Surveys the relationship between music and technology from the Paleolithic Age to the present. Examines the origins and impact of diverse musical instruments, with attention to connections between musical and technological developments; the reasons instruments are accepted, modified, or abandoned; and debates about the effects of new technologies on music. Considers such forces as standardization, institutionalization, and commodification—as well as experimentation, hacker, and DIY cultures—and asks whether music technologies are just tools or rather carry with them ethical values and ramifications. By studying the sociocultural history of such instruments as the violin, piano, electric guitar, and synthesizer, offers students an opportunity to gain an understanding of the interplay between technological change and the enduring human need for music.
Explores significant dramatic texts that have shaped and expressed the changing nature of LGBTQ identity. Readings, viewings, lectures, and discussion focus on noteworthy queer plays as literature, history, cultural documents, and performance as seen through the lens of contemporary queer theories and knowledge. Analyzing these texts for their relevance to society and our lives, students evaluate and explore a range of topics including sexual identity, gender identity, religious and political views on queerness, the evolution of LGBTQ culture and communities, drag performance, homophobia, assimilation, appropriation, and coming out. Students who do not meet course restrictions may seek permission of instructor. THTR 3200 and WMNS 3200 are cross-listed.
Dialogue Destinations:
- Hairimasu, Tokyo, Japan
- English Culture and Documentary Filmmaking, London, England
- Reporting in Cuba, Havanna, Cuba
Faculty
Sara Jensen Carr, PhD in Environmental Planning & Master of Landscape Architecture University of California, Berkeley. Her work explores the intersections of public health and the urban realm, with an approach that encompasses ecology, economy, technology, and social systems from macro to micro scales.

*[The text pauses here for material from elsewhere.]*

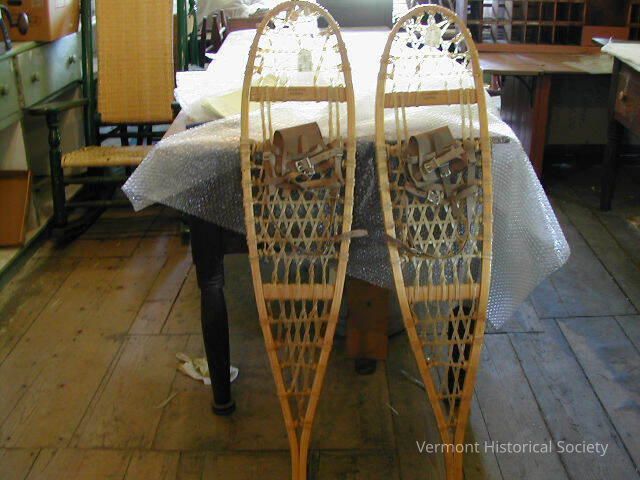 Tubbs snowshoes, style "Cross Country, 10 x 46". See page 16 of the catalog. Rawhide lacing, neoprene bindings (page 18 of catalog). The bindings are made up of straps that enclose the bood with a wide flap that comes up over the toe of the boot. Bent wooden frame pinned at end.

Jana Cephas, PhD in History of Architecture and Urban Planning, Harvard University. History and theory of urbanism with focus on urban design, preservation planning, technology, and social and spatial justice. Currently completing a book manuscript, Fordism and the City: How an Industrial Aesthetic Shaped Detroit
Michael Arnold Mages, PhD Carnegie Mellon University, scholar of design whose research focuses on how things (images, spaces, objects, and interfaces) help facilitate high-stakes and difficult conversations. Partner in a startup, The Art of Democracy, which designs facilitated conversation events with government and not-for-profit organizations for strategic planning, community decision-making or community co-design of projects or policy.
Francesca Inglese, PhD Brown University, dissertation Colouring Cape Town: Music, Race, and Place in South Africa’s Minstrel Carnival. Recipient of the Joukowsky Family Foundation Outstanding Dissertation Award & dissertation fellowship from the American Association of University Women. Since 2016, she has been a Mellon Postdoctoral Fellow in the Humanities at Dartmouth College.
Psyche Loui, PhD Psychology University of California, Berkeley. World-leading expert in the areas of creativity and improvisation. Employs behavioral, neuro-imaging, and computational modeling to trace the learning trajectory of jazz improvisation; develops mapping systems that interface with standard electroencephalography systems to create music out of electrical signals.